## Task prompt
Pictures in the material below are to be left out, and only the lines from the line with "próximo dia 5" up to and including the line with "オリジナルテーブルクロスのデ" are to be written out exactly.

## Information shown
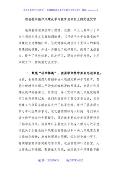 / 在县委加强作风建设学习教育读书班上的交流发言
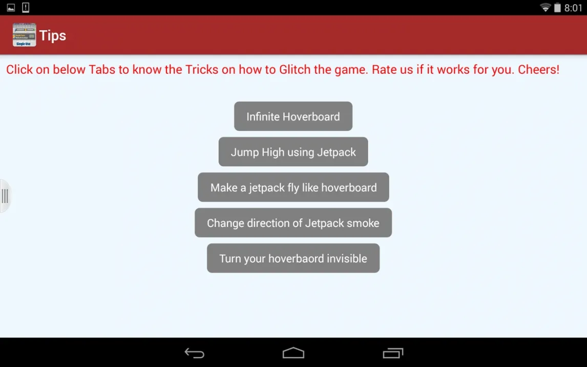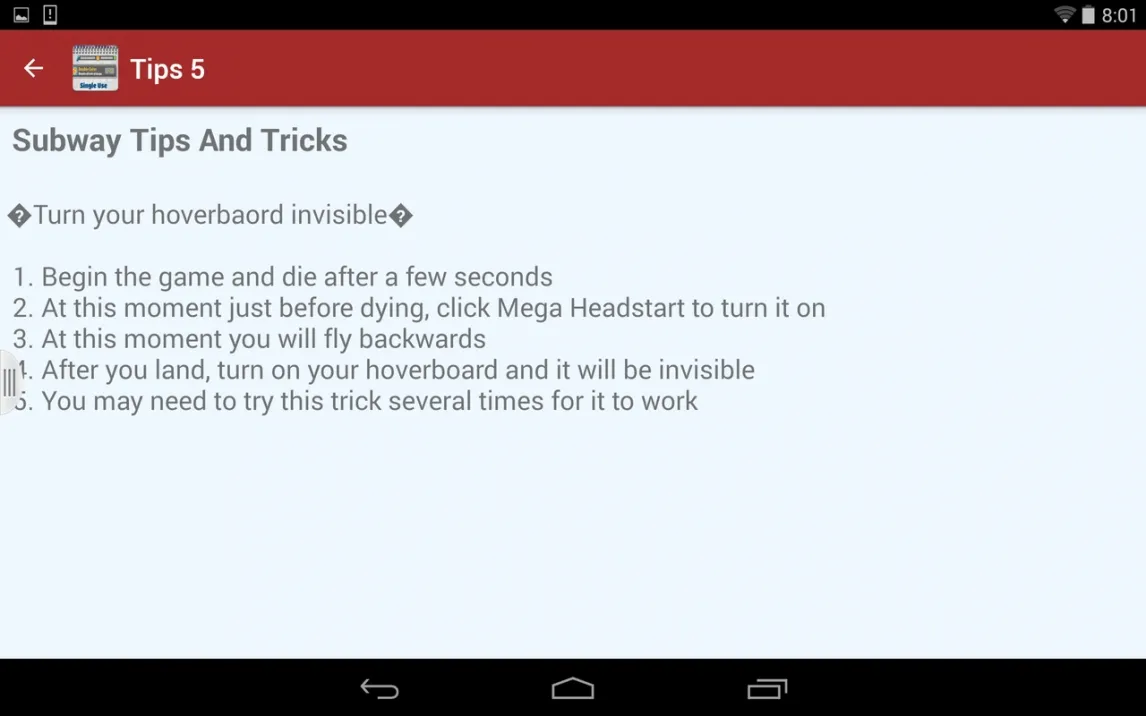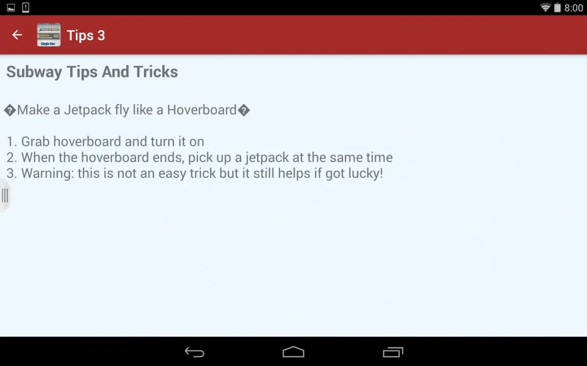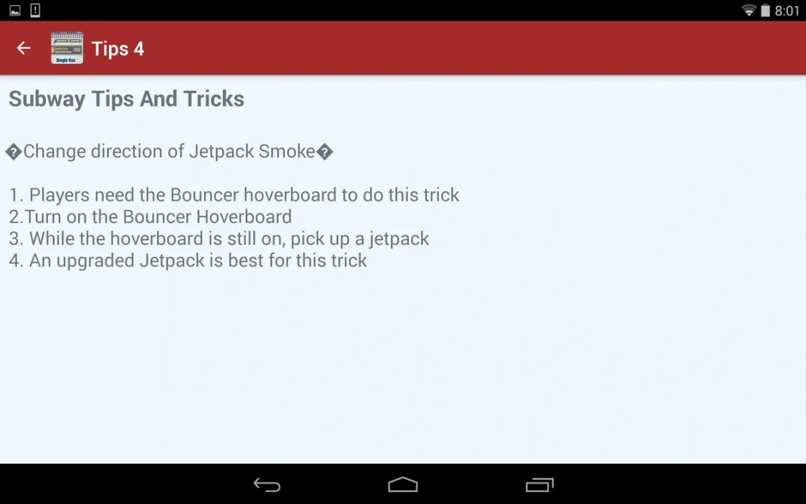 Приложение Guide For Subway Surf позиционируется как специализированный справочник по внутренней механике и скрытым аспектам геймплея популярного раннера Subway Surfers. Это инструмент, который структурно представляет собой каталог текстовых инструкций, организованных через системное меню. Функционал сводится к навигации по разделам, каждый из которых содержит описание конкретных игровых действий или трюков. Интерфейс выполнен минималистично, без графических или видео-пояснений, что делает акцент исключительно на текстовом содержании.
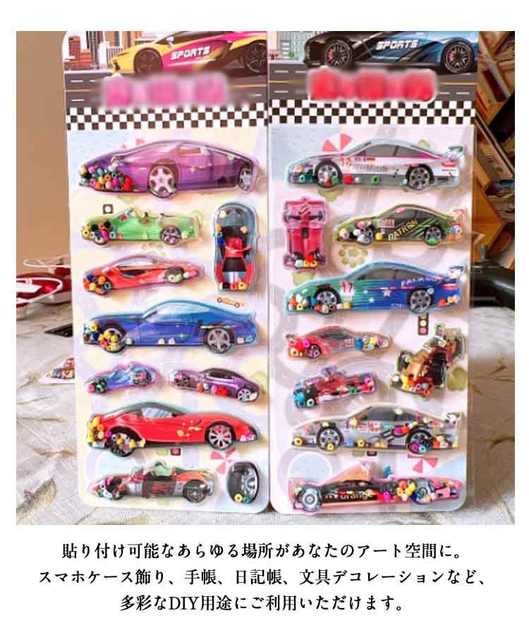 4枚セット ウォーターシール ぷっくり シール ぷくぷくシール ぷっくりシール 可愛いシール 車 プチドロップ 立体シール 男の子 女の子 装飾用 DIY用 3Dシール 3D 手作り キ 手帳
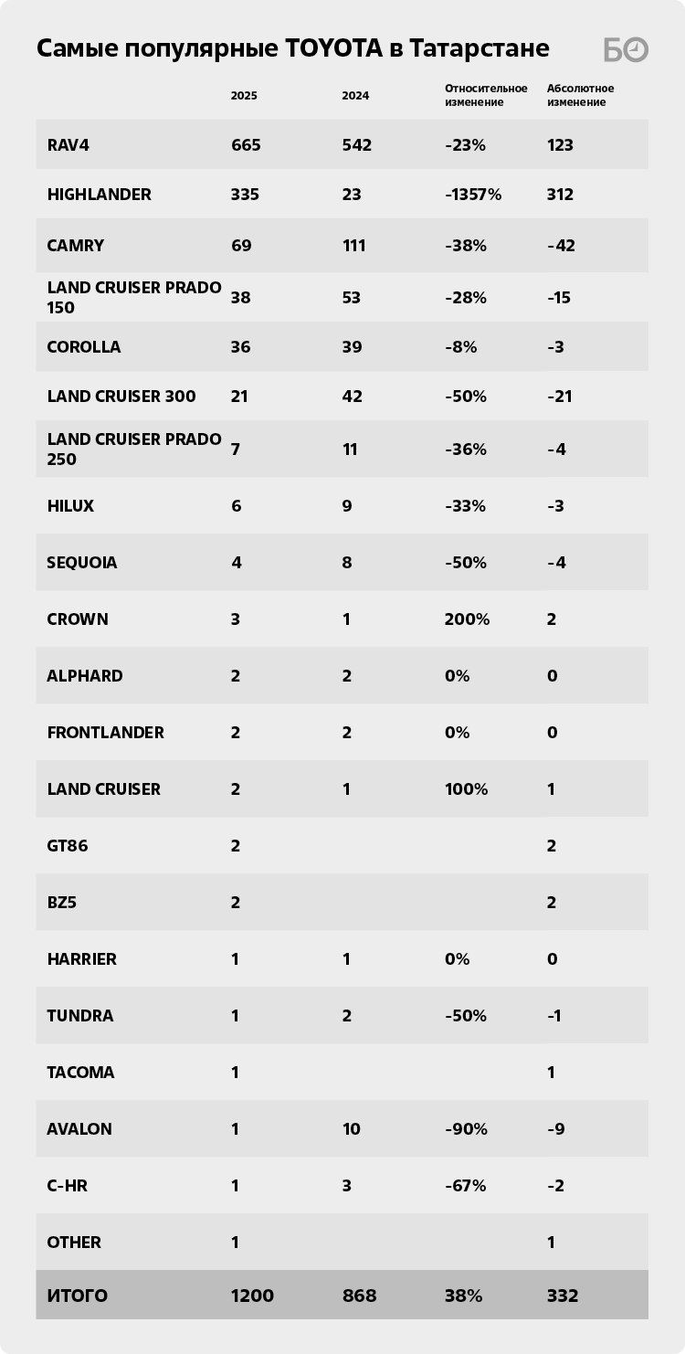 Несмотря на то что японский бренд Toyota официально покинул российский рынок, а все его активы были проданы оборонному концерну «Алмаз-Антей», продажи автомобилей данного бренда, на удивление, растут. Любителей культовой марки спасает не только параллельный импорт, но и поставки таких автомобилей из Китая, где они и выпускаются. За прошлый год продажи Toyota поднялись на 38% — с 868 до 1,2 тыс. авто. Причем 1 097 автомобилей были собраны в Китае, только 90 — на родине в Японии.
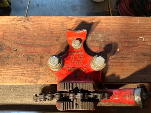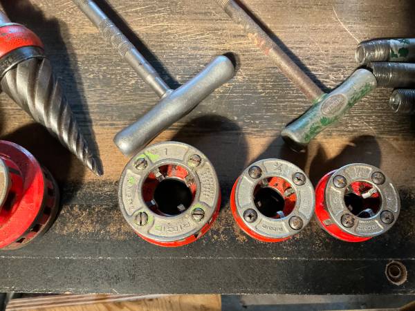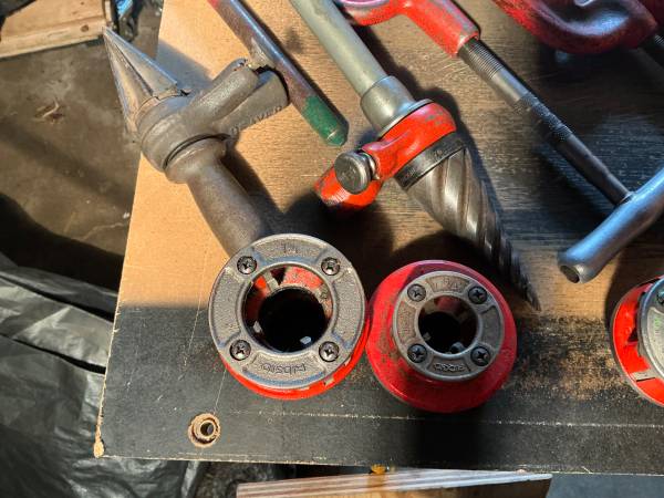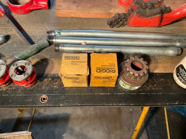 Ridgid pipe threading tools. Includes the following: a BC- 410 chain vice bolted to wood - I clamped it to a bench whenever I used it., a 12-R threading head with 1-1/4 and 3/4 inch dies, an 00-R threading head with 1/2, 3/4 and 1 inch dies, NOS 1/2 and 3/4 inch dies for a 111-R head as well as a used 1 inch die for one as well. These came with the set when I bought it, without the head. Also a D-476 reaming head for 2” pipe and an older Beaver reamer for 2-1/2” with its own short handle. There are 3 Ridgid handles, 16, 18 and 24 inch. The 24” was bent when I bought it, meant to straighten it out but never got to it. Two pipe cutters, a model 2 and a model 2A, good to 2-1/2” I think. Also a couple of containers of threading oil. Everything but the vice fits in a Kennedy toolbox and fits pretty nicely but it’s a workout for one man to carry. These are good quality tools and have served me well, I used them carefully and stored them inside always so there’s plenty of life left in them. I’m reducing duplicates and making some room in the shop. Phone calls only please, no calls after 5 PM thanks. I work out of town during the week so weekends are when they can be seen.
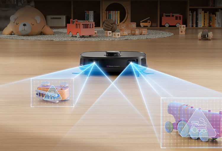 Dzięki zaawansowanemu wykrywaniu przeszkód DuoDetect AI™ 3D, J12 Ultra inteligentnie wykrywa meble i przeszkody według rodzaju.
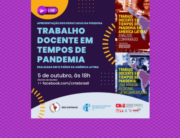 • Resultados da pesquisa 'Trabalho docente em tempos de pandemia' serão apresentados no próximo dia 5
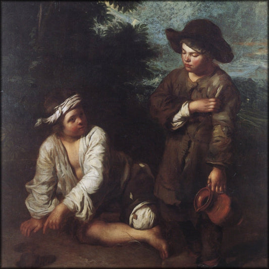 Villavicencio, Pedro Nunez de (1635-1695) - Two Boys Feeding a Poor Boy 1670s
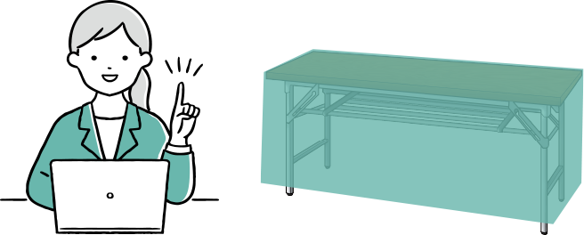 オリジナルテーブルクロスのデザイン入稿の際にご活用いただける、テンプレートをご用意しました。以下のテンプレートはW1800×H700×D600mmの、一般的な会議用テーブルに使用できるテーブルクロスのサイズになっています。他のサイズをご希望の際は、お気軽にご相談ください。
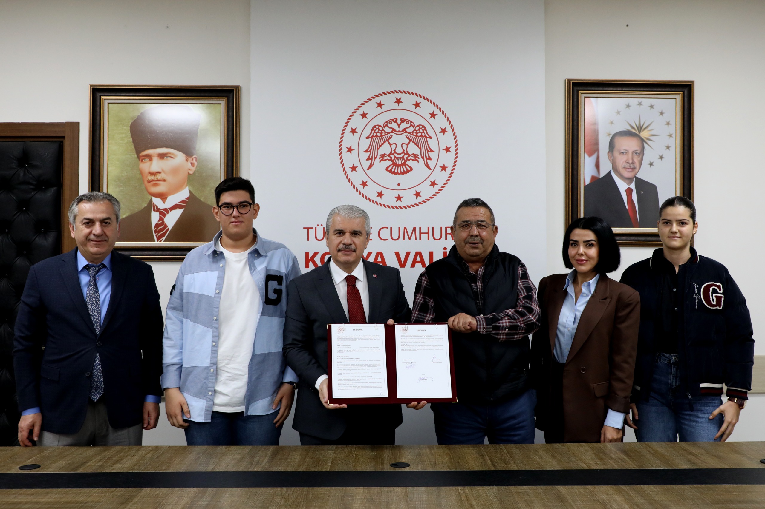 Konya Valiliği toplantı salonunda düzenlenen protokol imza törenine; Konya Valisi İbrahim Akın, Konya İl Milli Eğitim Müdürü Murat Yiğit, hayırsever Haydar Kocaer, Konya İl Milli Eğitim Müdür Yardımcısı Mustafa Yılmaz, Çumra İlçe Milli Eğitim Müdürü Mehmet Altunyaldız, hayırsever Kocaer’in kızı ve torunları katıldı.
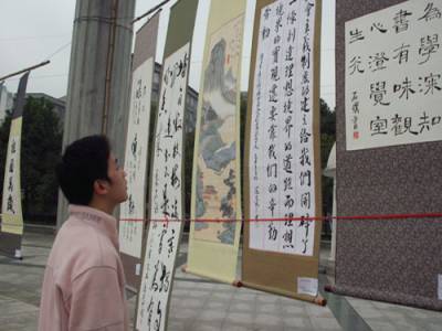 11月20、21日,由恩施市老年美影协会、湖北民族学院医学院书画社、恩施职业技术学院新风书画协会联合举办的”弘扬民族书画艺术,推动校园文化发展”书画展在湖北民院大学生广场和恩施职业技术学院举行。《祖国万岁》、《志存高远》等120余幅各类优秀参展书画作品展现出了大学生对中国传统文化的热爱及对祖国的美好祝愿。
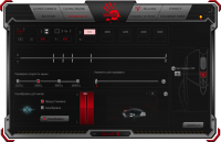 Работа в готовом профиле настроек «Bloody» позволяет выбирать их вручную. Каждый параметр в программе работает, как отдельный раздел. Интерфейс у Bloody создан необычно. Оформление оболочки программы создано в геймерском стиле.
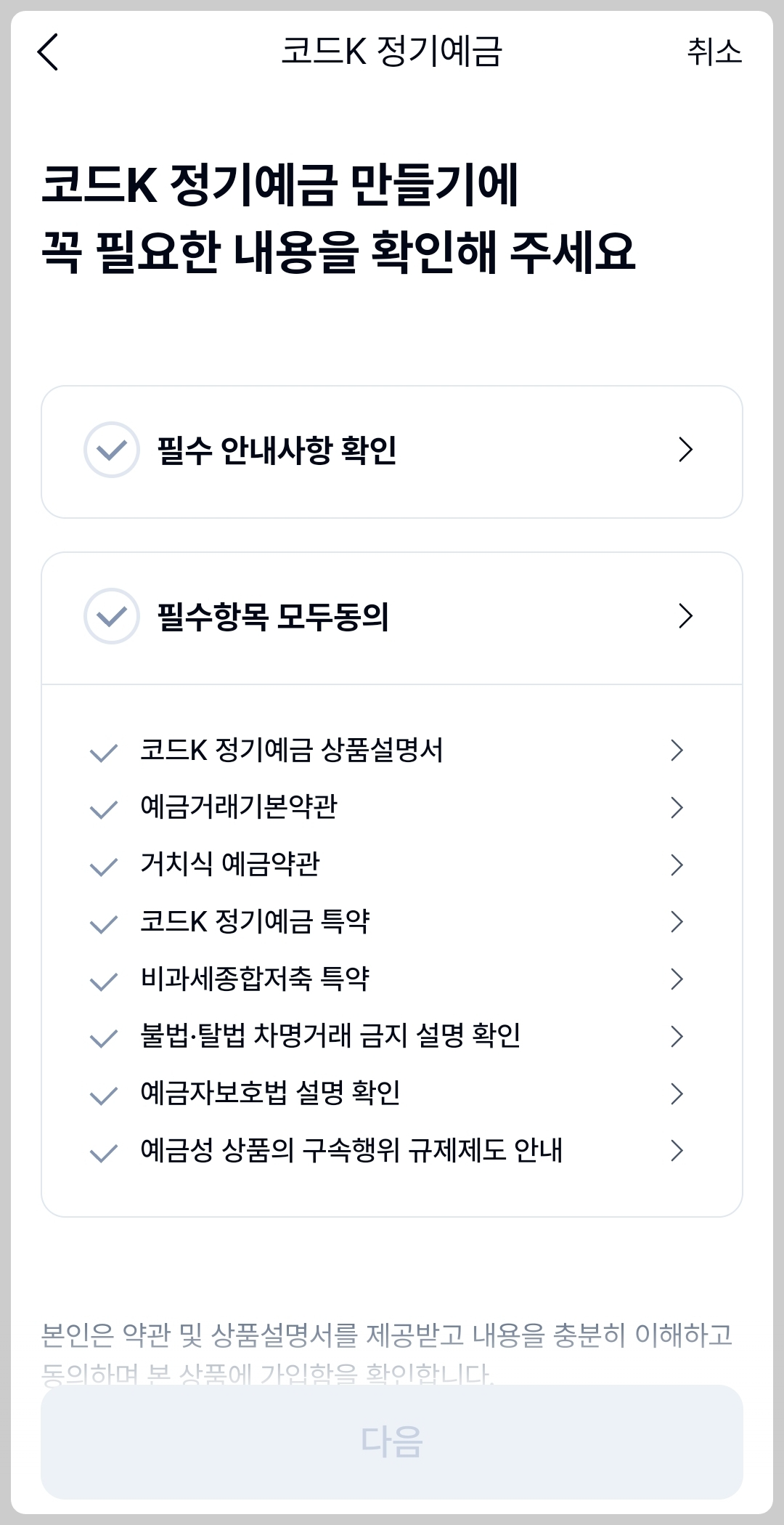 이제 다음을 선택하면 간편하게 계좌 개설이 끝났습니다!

## Result of the exercise
 • Resultados da pesquisa 'Trabalho docente em tempos de pandemia' serão apresentados no próximo dia 5
 Villavicencio, Pedro Nunez de (1635-1695) - Two Boys Feeding a Poor Boy 1670s
 オリジナルテーブルクロスのデザイン入稿の際にご活用いただける、テンプレートをご用意しました。以下のテンプレートはW1800×H700×D600mmの、一般的な会議用テーブルに使用できるテーブルクロスのサイズになっています。他のサイズをご希望の際は、お気軽にご相談ください。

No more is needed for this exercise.